[Work order] All of the data is to be printed exactly, though the images must be left off.

[Data excerpt]
• • • •

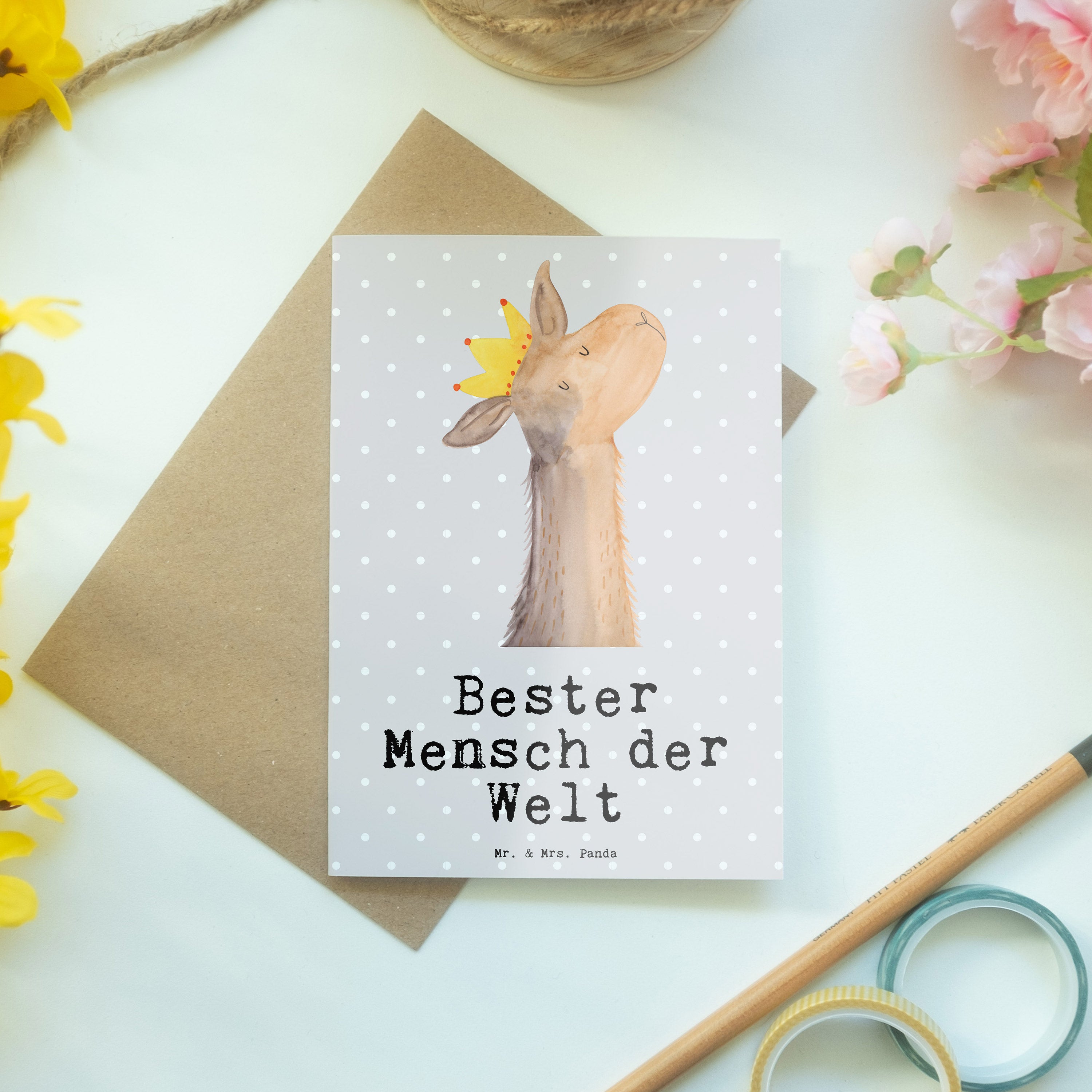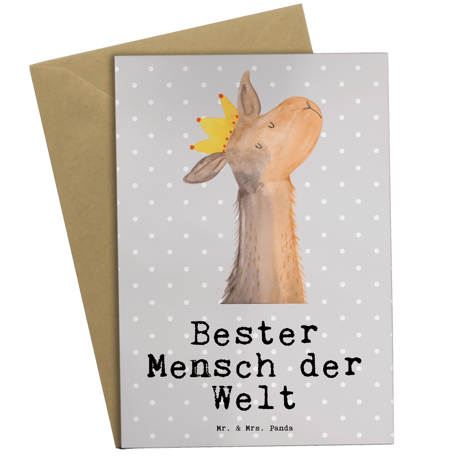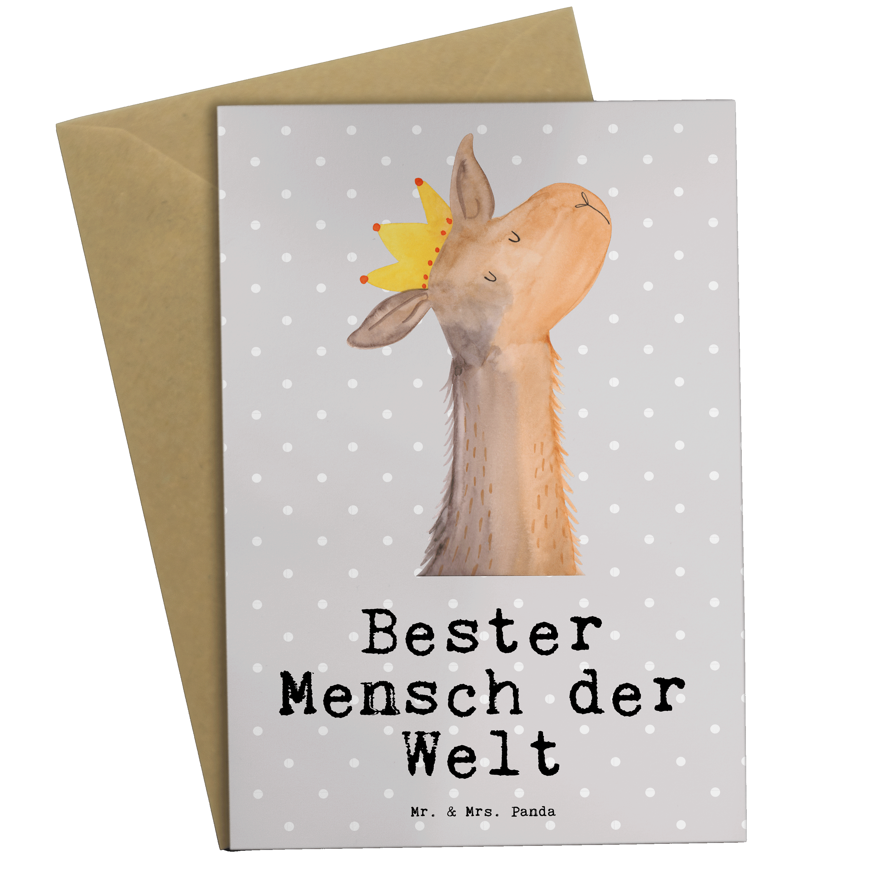 Grußkarte Lama Bester Mensch der Welt - Grau Pastell
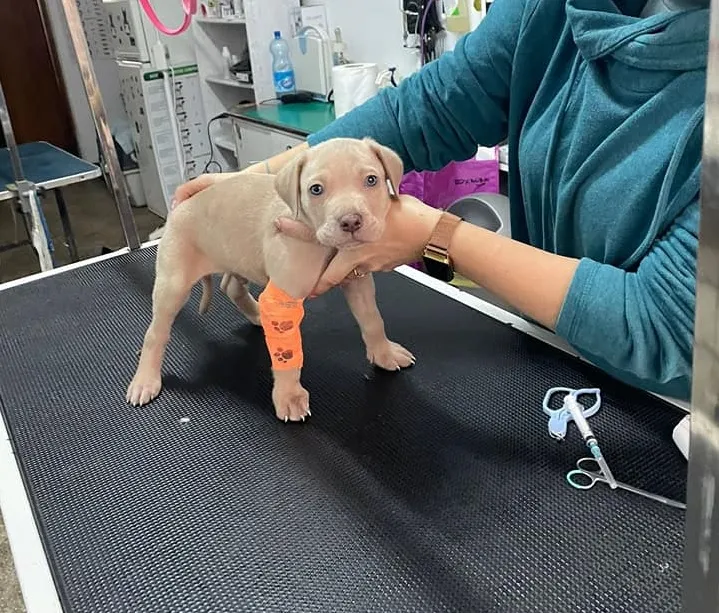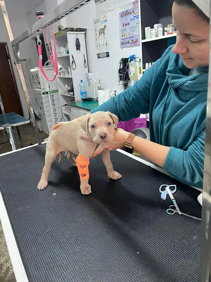 Cum la o intervenție nimeni nu este lăsat în urmă, imediat ce au strâns echipamentele, salvatorii au luat cu ei cățelul ce tremura de spaimă. Când au ajuns ajuns la unitate, au văzut că micul patruped suferise o rană la o lăbuță. Fără să stea pe gânduri, au luat legătura cu veterinarul din oraș.
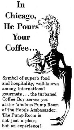In addition to being swanky — with dark blue walls, white leather upholstery and crystal chandeliers — and well connected to the gossip pipeline, the Pump Room drew attention for its culinary burlesque shows featuring costumed staff, flames, and choreography. Waiters – all white men – wore scarlet jackets and black satin knee pants, while the “coffee boys” – all young black men – wore emerald green or white uniforms with giant ostrich plumes seeming to spring from their foreheads. [see grotesque caricature shown below, 1957] There were also “curry boys” dressed in gold. Food was served from wagons except for that skewered on flaming swords.

• • • •

[Answer box]
 Grußkarte Lama Bester Mensch der Welt - Grau Pastell
 Cum la o intervenție nimeni nu este lăsat în urmă, imediat ce au strâns echipamentele, salvatorii au luat cu ei cățelul ce tremura de spaimă. Când au ajuns ajuns la unitate, au văzut că micul patruped suferise o rană la o lăbuță. Fără să stea pe gânduri, au luat legătura cu veterinarul din oraș.
In addition to being swanky — with dark blue walls, white leather upholstery and crystal chandeliers — and well connected to the gossip pipeline, the Pump Room drew attention for its culinary burlesque shows featuring costumed staff, flames, and choreography. Waiters – all white men – wore scarlet jackets and black satin knee pants, while the “coffee boys” – all young black men – wore emerald green or white uniforms with giant ostrich plumes seeming to spring from their foreheads. [see grotesque caricature shown below, 1957] There were also “curry boys” dressed in gold. Food was served from wagons except for that skewered on flaming swords.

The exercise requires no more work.